The judge should also look at:

● The child’s welfare, safety, and health

● The continual or habitual unlawful use of drugs or alcohol by either parent

● The amount and nature of contact the minor has had with either parent

However, when doing that, they must consider whether either parent has moved out of the family home due to the other parent’s threatened or actual domestic abuse. When a restraining order is in effect that impacts the child or parents, the judge should refrain from issuing a visitation or custody order conflicting with the restraining order. 

You want to provide solid documentation and evidence to strengthen arguments and support claims favoring a child custody arrangement. This could include witness statements, medical records, police reports, and other relevant documentation of the protective order itself. The court will depend on these documents to make informed decisions while prioritizing the minor’s safety. 

Courts have the legal responsibility to safeguard minors from harm and exposure to possible dangerous situations. Thus, child custody decisions should align to guarantee the minor’s emotional stability and security. 

How a Restraining Order Can Affect Child Custody Decisions

Domestic abuse differs from child abuse. That is because, in domestic abuse, the victim should be older than eighteen years old. Even so, research has revealed that domestic abuse can impact children. That is especially so when they witness the violence. In certain situations, the emotional effect of minors who have experienced domestic abuse in their homes is the same as that of minors who face neglect and abuse.

Because of the emotional and mental impacts that domestic abuse has on minors, judges will generally not grant custody to the parent served with the DVRO if they establish that the violence will likely occur again.

Also, a parent served with a DVRO is often only awarded limited child visitation rights. These are strict rules or schedules about when they could visit their child or children. Generally, a restrained person might not see their children as often as they would like to.
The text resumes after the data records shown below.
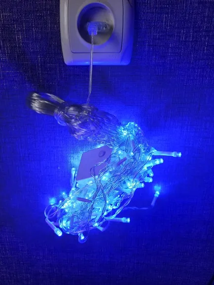 Работает, но.... Очень печально что в описании 5 метров. Мне нужно было 9.4 метра всего. Заказала 2 штуки, соединила, в итоге не хватило. Измерили по факту, 4,5 метра из которых 0,8 метра -шнур без лампочек.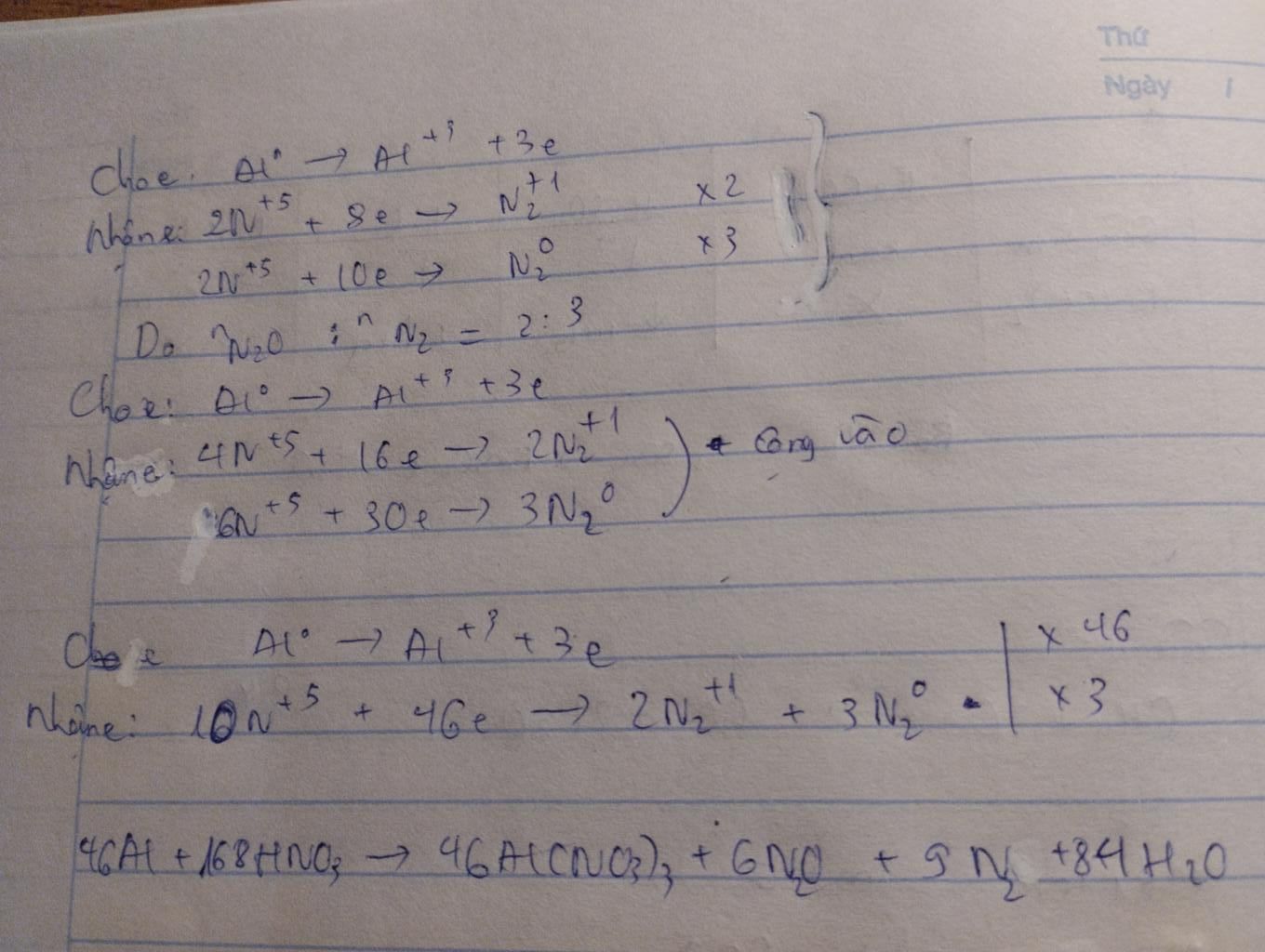 Tỉ lệ `n_(Al) : n_(N_2O) : n_(N_2) = 46 : 6 : 9`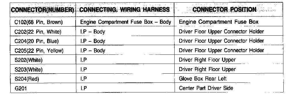 Connector Information Chart: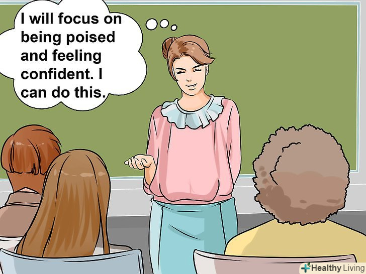 Повірте, що все вийде.в якій би ситуації ви не опинилися, ваше уявлення про неї завжди впливає на кінцевий результат (в кращу або гіршу сторону).[10] Люди, які очікують неприємних подій, надають аналогічний вплив на результат ситуації. Наприклад, якщо ви боїтеся сказати дурість або зробити помилку на зборах, то починаєте нервувати і можете заплутатися у власних словах. Отже, ви самі створюєте небажаний наслідок.- Замість представлення можливих наслідків або гіршого сценарію зосередьтеся на тому, чого ви хочете від ситуації. Замініть думки на кшталт "О ні, сподіваюся, що я не скажу дурість" на свідомий позитивний настрій "я буду говорити чітко і впевнено. Я збережу впевненість в собі і самовладання. Я впораюся". Такі позитивні думки допоможуть вам позбутися від нервозності і підвищать ймовірність бажаного результату.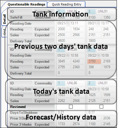 The Questionable Readings/Grid tab shows readings history for a store’s tanks.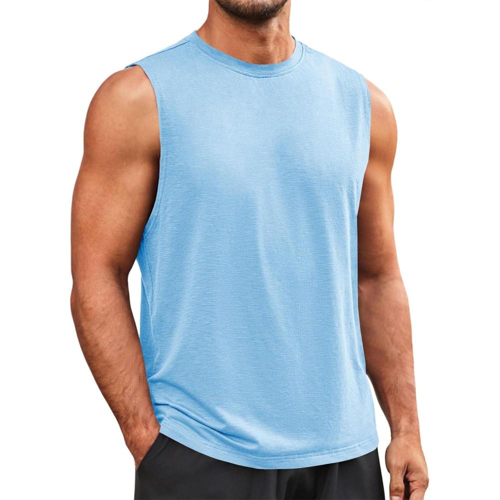 Runcati Mens Sleeveless Tank Tops Workout Athletic Muscle Shirt Casual Summer Beach T Shirts(Sky Blue)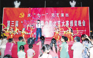 为了庆祝“七一”建党节,近日,鹿邑县青少年学生在该县的弘道苑文化广场表演文艺节目,歌舞、相声等十多个精彩的节目赢得了市民们的阵阵掌声。这也是该县文化系统“百城万场”广场文化活动的一部分。王巧荣 蒋保庆 摄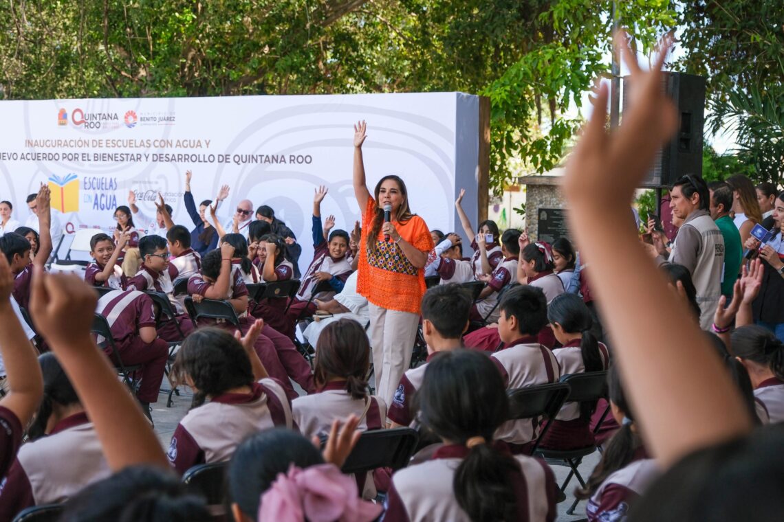 Cancún.- Al inaugurar el proyecto “Escuelas con Agua”, en el marco del Acuerdo Nacional por el Agua que impulsa la Presidenta Claudia Sheinbaum, la gobernadora Mara Lezama Espinosa expresó que no se trata simplemente de un programa, sino de abrir las puertas de un futuro más justo, un acto de amor hacia nuestra niñez.

Sometimes, they can only visit the minor under a third party’s supervision. Or the visitation orders will prohibit them from having the minor spend the night at their home.

With supervised visits, a neutral party will be present. They will be there to listen, watch, and ensure the child is comfortable and safe. Generally, the court will designate a professional childcare provider to supervise those visits. California statute permits parents to recommend someone, such as a friend or family member, to supervise the visits. However, the court is not mandated to select that individual. A supervisor who has not undergone training may not be suitable when it may be dangerous for a minor to be with the restrained party.
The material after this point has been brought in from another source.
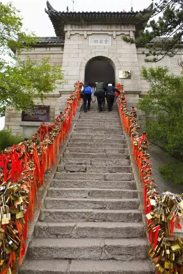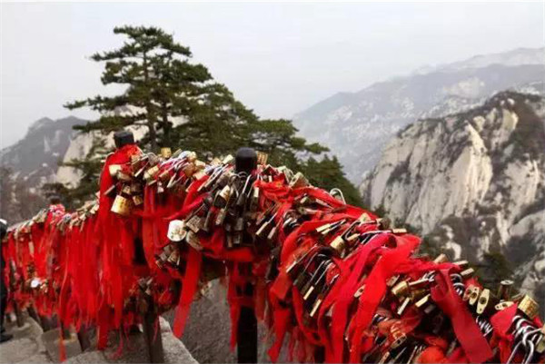 金鎖關北接五云峰,南控華山主峰,東西兩側壑深千丈,關前僅有一米完的臺階石徑。環(huán)周古松蒼翠,奇石林立,常有祥云環(huán)繞,風光非常迤麗。“但有女兒初長成,便為三秦姣姣容。”說的就是奇險天下第一山的華山除了以其奇、險、秀而聞名遐邇之外,還別有一番令人動容的金鎖關風景:關內、關外登山路兩側的鐵索上,情侶鎖、平安鎖,重重疊疊,紅繩彩線迎風搖曳,筑成一道美麗的愛情風景線,鎖住對愛情的誓言,表達堅如磐石的愛情忠貞!

The judge might also deny the restrained parent visitation rights altogether if they believe the following to be true:

● Visitation would adversely impact the minor’s emotional development

● Visitation would endanger the minor’s physical health

● Visitation would otherwise conflict with the child’s best interests

● It is impossible to visit the child and still protect the other parent from more abuse

The judge should consider some factors when determining whether to deny or award visitation rights. These include:

● How long it has been since the court issued the order

● The type of conduct that resulted in the restraining order

● Whether the restrained parent has committed any more violence since then 

There are cases where one parent stays at a confidential shelter to avoid domestic abuse. In these cases, a judge should consider the facts before determining whether it would be in the minor’s best interest for the restrained parent to have physical visitation. These facts include whether the restrained parent has access to guns and has broken any restraining order terms. 

A domestic violence restraining order may include temporary child custody arrangements. This is especially true if the judge has not yet determined a long-term schedule. Temporary custody orders often award the protected parent legal and physical custody. A permanent DVRO remains valid irrespective of any child custody orders. That means the restrained parent cannot violate the terms of the order, even if they have visitation rights.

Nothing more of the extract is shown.